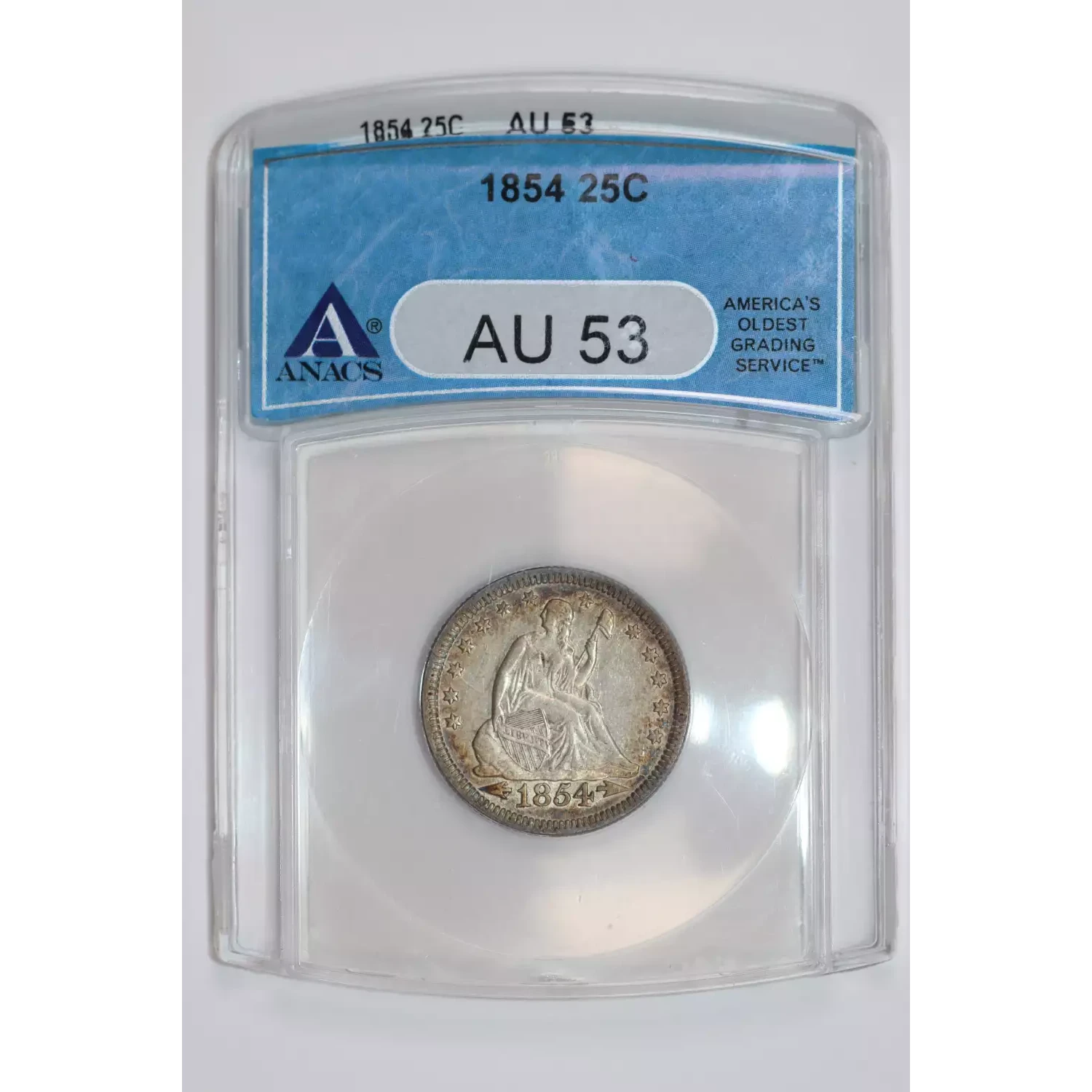 1854 ARROWS SEATED LIBERTY QUARTER ANACS AU53 - VERY CHOICE! PQ ORIGINAL!
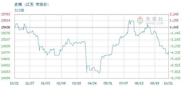 09月30日江苏地区关于皮棉的报价为14950元/吨。皮棉的规格:3128B。该报价有效期为1天。报价提供方:江苏市场。
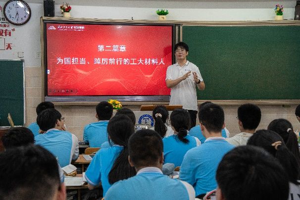 在学校内,实践队以新生入学教育为契机,开展“开学第一课”主题班会,为高清无码 2024级硕士新生讲述师昌绪院士、周尧和院士、傅恒志院士等西工大材料人扎根奉献的报国故事,为同学们树立为国铸剑的远大抱负,强化“总师型”人才的使命担当。
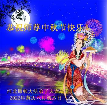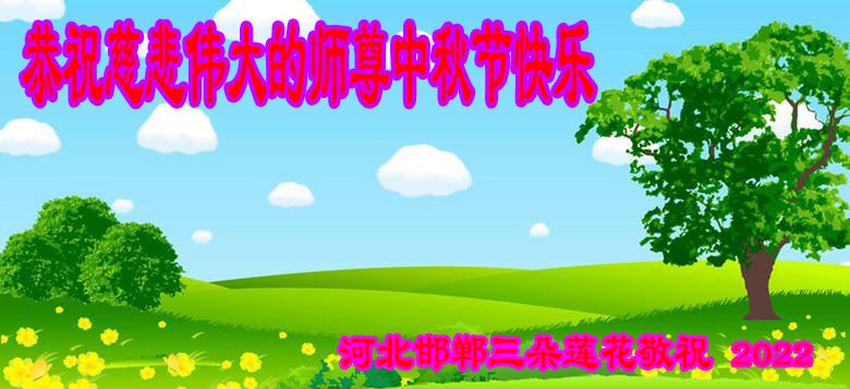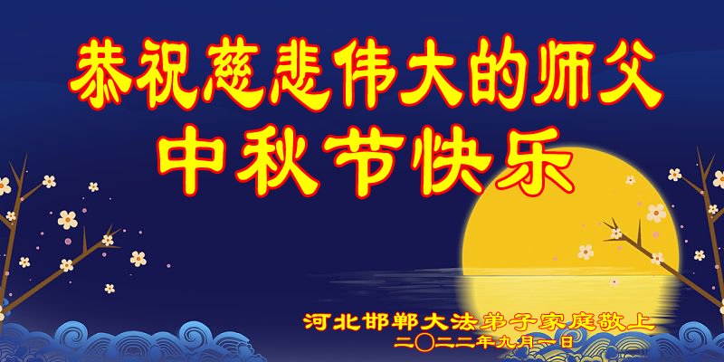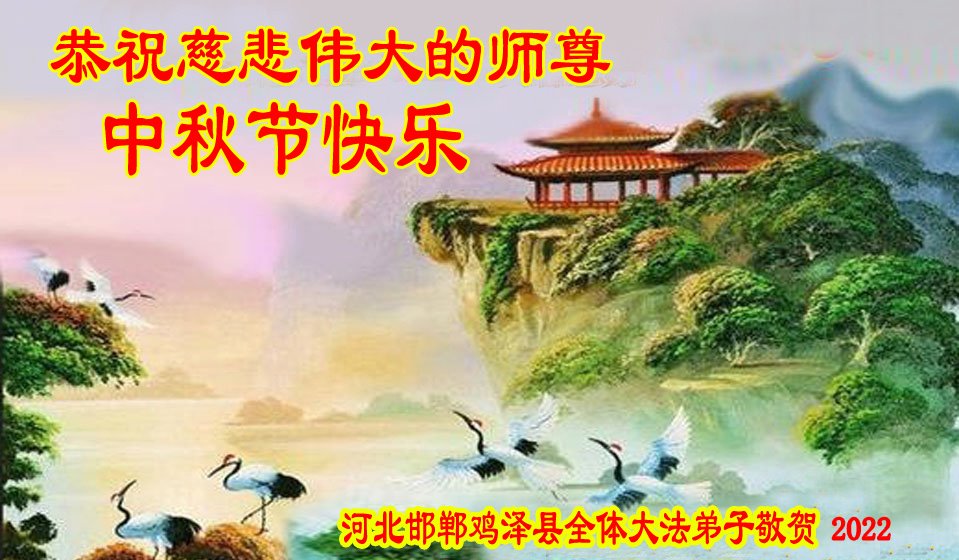 【明慧网二零二二年九月八日】 河北邯郸鸡泽县全体大法弟子敬祝慈悲伟大的师尊中秋节快乐!
□ □ □ □
**BRIEF**
Take the line containing "在学校内,实践队以新生入学教" and all lines after it to the end of the data above, and reproduce them exactly, leaving out pictures. Nothing else belongs in the copy.

**REPLY TO THE EXERCISE**
 在学校内,实践队以新生入学教育为契机,开展“开学第一课”主题班会,为高清无码 2024级硕士新生讲述师昌绪院士、周尧和院士、傅恒志院士等西工大材料人扎根奉献的报国故事,为同学们树立为国铸剑的远大抱负,强化“总师型”人才的使命担当。
 【明慧网二零二二年九月八日】 河北邯郸鸡泽县全体大法弟子敬祝慈悲伟大的师尊中秋节快乐!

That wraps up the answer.